TASK INSTRUCTIONS: Within the records below, find the line with "4、可以在这里关闭美册水印,设置自定义水" and the line with "新手单音「今天是你的生日我的祖国歌唱祖国我爱你", then reproduce exactly those two lines and all lines between them, without any picture.

INPUT FOR THIS TASK:
= Beginning of Section =
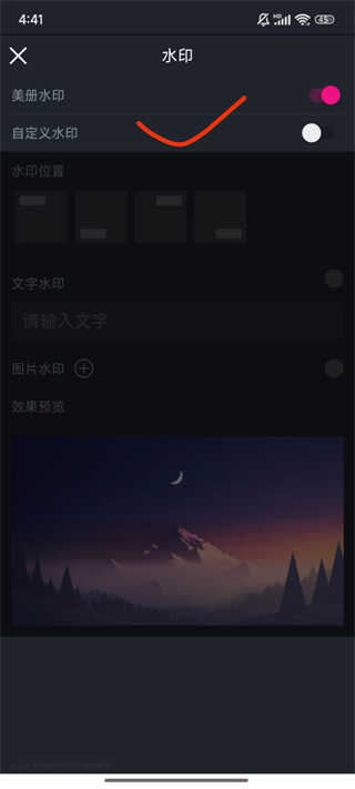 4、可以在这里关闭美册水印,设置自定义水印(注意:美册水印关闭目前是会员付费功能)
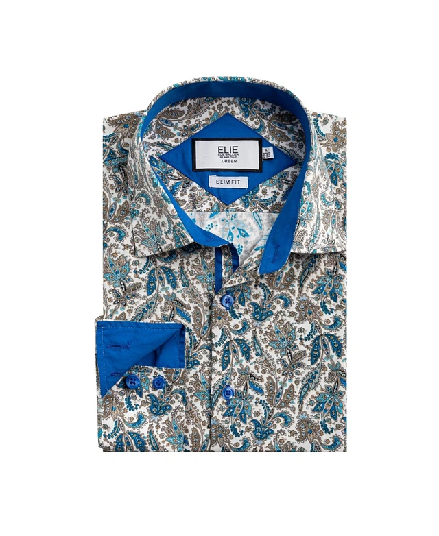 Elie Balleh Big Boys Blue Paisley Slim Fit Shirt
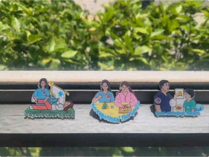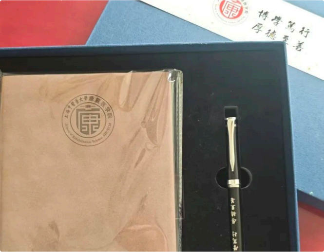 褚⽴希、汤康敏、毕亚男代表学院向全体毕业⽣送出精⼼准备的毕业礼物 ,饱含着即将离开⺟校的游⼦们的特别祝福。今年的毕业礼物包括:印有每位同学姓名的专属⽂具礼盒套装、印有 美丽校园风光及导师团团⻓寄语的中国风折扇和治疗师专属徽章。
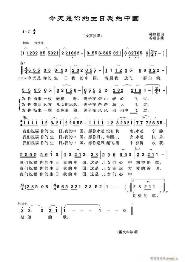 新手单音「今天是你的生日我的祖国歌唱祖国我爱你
= End of Section =
= Beginning of Section =
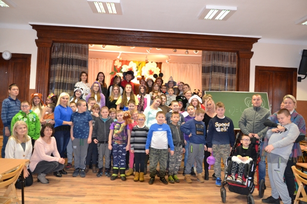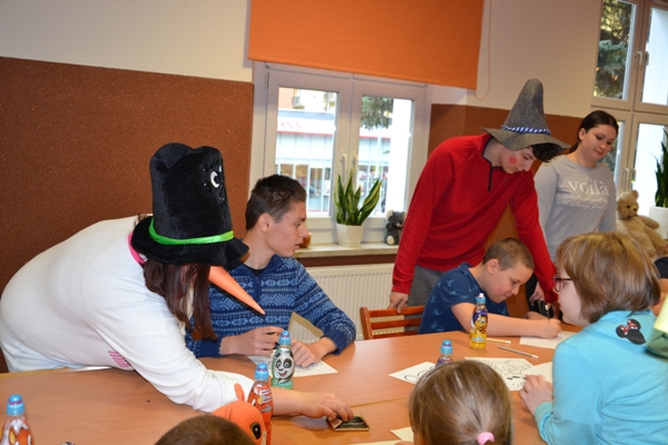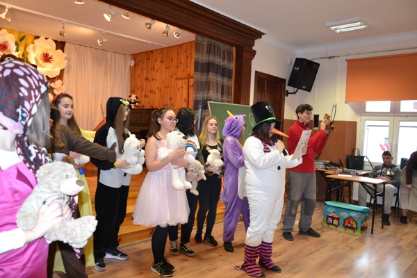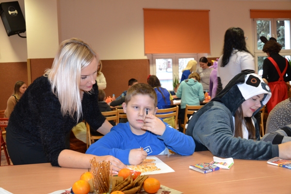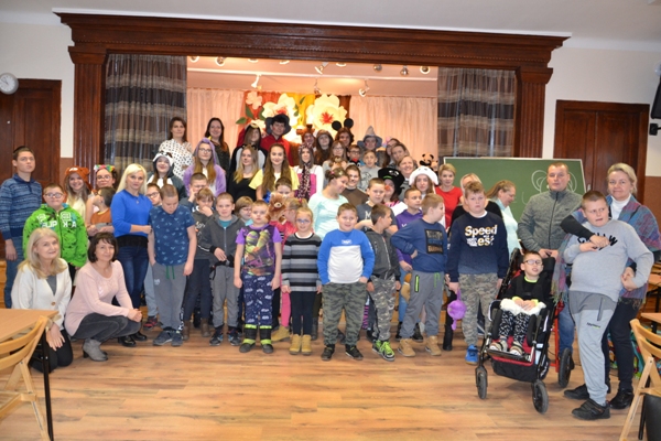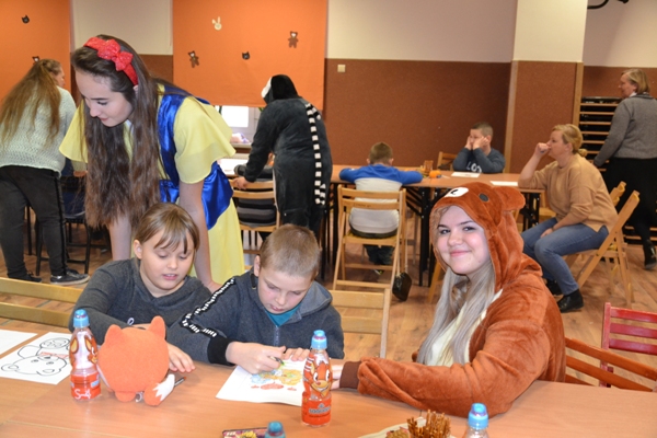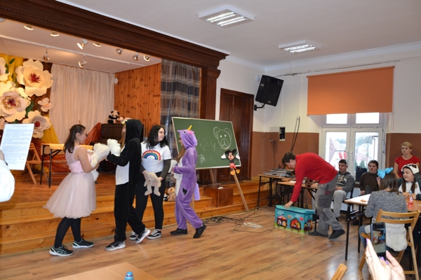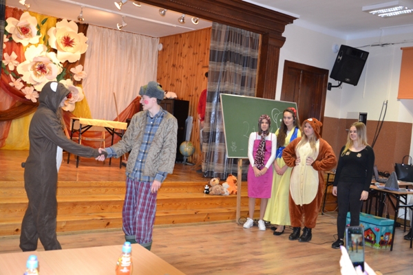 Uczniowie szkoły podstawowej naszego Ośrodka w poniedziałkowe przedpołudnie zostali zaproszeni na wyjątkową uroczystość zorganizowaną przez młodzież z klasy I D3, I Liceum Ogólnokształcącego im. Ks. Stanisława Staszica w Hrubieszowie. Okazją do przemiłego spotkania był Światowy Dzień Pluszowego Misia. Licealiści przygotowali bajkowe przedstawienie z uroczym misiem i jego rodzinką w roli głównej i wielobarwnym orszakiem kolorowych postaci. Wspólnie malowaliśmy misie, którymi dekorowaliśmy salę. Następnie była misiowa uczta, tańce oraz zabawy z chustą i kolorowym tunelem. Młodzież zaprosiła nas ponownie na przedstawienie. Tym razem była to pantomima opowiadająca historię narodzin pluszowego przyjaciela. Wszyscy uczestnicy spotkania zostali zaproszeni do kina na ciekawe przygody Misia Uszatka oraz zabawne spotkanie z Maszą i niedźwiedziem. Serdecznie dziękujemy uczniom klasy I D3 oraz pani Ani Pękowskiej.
= End of Section =
YOUR SOLUTION:
 4、可以在这里关闭美册水印,设置自定义水印(注意:美册水印关闭目前是会员付费功能)
 Elie Balleh Big Boys Blue Paisley Slim Fit Shirt
 褚⽴希、汤康敏、毕亚男代表学院向全体毕业⽣送出精⼼准备的毕业礼物 ,饱含着即将离开⺟校的游⼦们的特别祝福。今年的毕业礼物包括:印有每位同学姓名的专属⽂具礼盒套装、印有 美丽校园风光及导师团团⻓寄语的中国风折扇和治疗师专属徽章。
 新手单音「今天是你的生日我的祖国歌唱祖国我爱你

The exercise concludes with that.